Description
An Allocation of Resources Without Limits or Throttling vulnerability in the kernel of Juniper Networks Junos OS Evolved allows an unauthenticated, network based attacker to cause a Denial of Service (DoS).
In specific cases the state of TCP sessions that are terminated is not cleared, which over time leads to an exhaustion of resources, preventing new connections to the control plane from being established.
A continuously increasing number of connections shown by:
user@host > show system connections
is indicative of the problem. To recover the respective RE needs to be restarted manually.

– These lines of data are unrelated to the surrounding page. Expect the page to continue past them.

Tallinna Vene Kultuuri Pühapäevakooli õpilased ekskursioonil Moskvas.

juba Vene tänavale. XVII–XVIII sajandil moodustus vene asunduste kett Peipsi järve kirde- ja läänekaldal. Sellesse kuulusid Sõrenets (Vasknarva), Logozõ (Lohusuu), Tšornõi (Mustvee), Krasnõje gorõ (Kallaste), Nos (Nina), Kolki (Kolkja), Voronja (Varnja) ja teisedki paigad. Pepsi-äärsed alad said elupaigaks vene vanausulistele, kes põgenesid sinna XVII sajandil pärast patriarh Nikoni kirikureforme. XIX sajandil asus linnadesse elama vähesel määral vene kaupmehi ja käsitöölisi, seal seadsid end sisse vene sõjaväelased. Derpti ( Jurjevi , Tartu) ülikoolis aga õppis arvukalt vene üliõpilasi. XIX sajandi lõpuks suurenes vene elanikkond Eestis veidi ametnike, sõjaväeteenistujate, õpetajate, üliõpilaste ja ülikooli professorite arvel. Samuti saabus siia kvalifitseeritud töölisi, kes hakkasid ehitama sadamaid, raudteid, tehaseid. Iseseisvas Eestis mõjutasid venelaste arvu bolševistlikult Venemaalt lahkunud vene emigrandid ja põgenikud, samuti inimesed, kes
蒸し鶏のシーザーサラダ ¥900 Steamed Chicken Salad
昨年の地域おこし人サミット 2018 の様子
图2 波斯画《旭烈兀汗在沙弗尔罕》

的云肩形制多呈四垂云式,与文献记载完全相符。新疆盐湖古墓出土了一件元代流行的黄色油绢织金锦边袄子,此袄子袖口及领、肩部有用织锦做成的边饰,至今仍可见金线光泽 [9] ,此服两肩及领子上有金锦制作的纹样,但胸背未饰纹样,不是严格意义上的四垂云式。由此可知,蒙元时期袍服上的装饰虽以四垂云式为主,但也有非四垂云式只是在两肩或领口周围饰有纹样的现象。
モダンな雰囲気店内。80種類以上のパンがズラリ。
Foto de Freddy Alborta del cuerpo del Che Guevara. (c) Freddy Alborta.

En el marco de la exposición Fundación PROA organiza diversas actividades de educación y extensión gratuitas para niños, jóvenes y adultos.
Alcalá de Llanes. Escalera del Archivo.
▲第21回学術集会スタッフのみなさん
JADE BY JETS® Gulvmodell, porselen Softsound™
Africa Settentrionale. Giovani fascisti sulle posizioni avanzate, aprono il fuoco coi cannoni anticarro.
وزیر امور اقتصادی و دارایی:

This issue only affects IPv4 but does not affect IPv6.
This issue only affects TCP sessions established in-band (over an interface on an FPC) but not out-of-band (over the management ethernet port on the routing-engine).
This issue affects Junos OS Evolved:
* All versions before 21.4R3-S9-EVO,
* 22.2 versions before 22.2R3-S4-EVO,
* 22.4 version before 22.4R3-S3-EVO,
* 23.2 versions before 23.2R2-S1-EVO,
* 23.4 versions before 23.4R2-EVO.
Understanding This Vulnerability
This Common Vulnerabilities and Exposures (CVE) entry provides detailed information about a security vulnerability that has been publicly disclosed. CVEs are standardized identifiers assigned by MITRE Corporation to track and catalog security vulnerabilities across software and hardware products.

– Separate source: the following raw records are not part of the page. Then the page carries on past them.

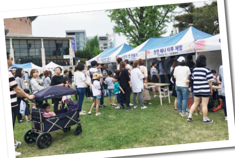
5월 어린이날 부스 운영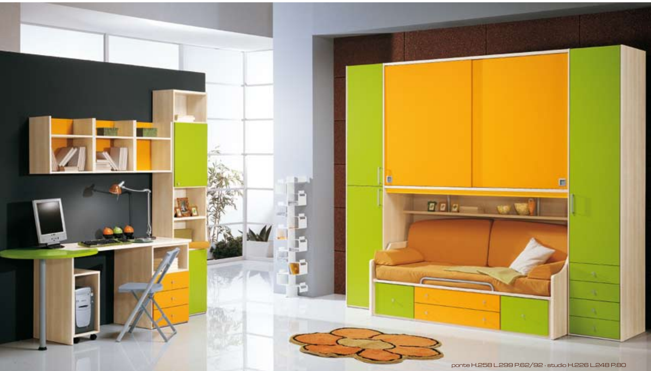
ponte H.258 L.299 P.62/92 · studio H.226 L.248 P.80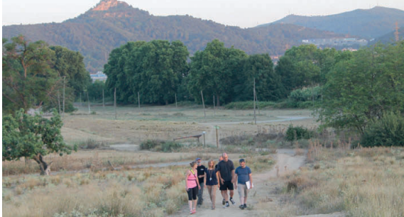
Representants del govern municipal van visitar aquest estiu el sector de Mas Duran on s'ha celebrat el Rocío des del 2003

El consistori argumenta que la celebració és incompatible amb la cura de l'espai natural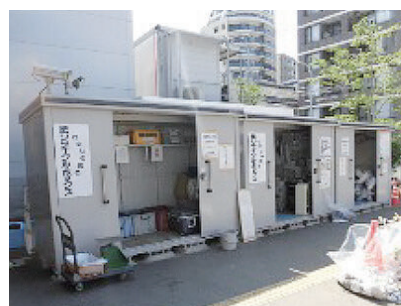
資源物回収ボックス(中央体育館)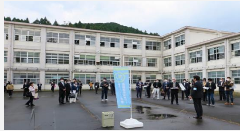
〈旧明正小学校の中庭でのオリエンテーション〉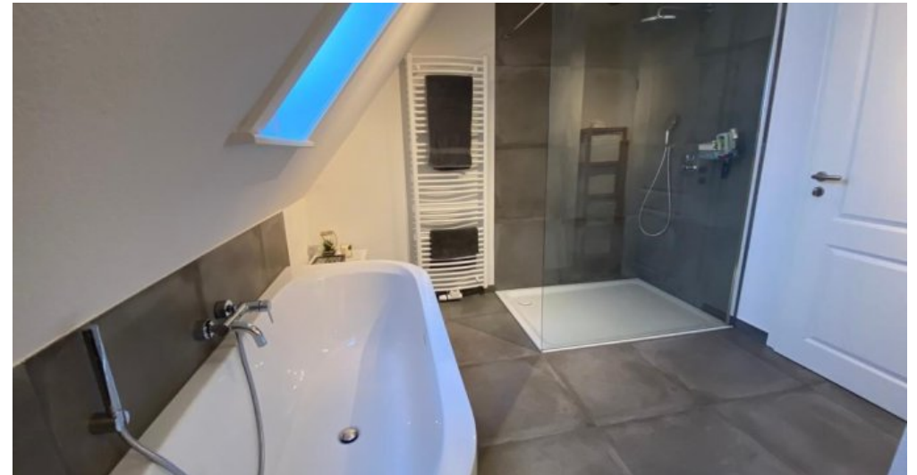
Masterbad 2. Ansicht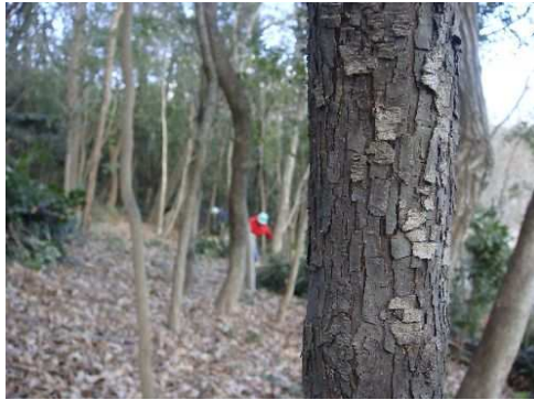
しゃしゃんぼの木肌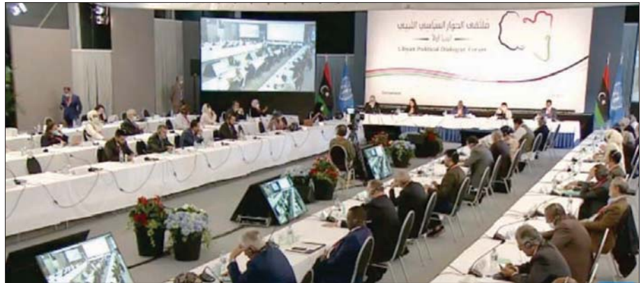
جانب من جلسات اليوم الثاني للحوار السياسي الليبي بجنيف

الوطني لتفعيل «دستور الاستقلال والعودة للملكية الدستورية في ليبيا». إن ملتقى الحوار السياسي «يرسل مؤشرات سلمية واضحة، وأصبح يمثل عقبة أمام وحدة البلاد والمصالحة الوطنية»، وقال لـ«الشرق الأوسط»: «أعضاء الملتقى أتبعوا عدم قدرتهم على إيجاد حل يُبني معاناة الليبيين واستنزاف قدراتهم فلجأوا حساباتهم جيداً لأن الضمانات لا تعد متوفرة وليعلموا أن المفاجآت تكاد تكون قريبة، والنظام الرئاسي الذي اختاروه، بعيداً عن رأي الشعب، سيكون مقدمة لعودة الديكتاتورية أو الحرب الأهلية».

The severity rating (HIGH) indicates the potential impact of this vulnerability based on the CVSS (Common Vulnerability Scoring System) framework. Higher severity ratings typically indicate vulnerabilities that could lead to more significant security breaches if exploited. Security teams should prioritize remediation efforts based on severity, exploit availability, and the EPSS (Exploit Prediction Scoring System) score, which predicts the likelihood of exploitation in the wild.
If this vulnerability affects products or systems in your infrastructure, we recommend reviewing the affected products section, checking for available patches or updates from vendors, and implementing recommended workarounds or solutions until a permanent fix is available. Organizations should also monitor security advisories and threat intelligence feeds for updates about active exploitation of this vulnerability.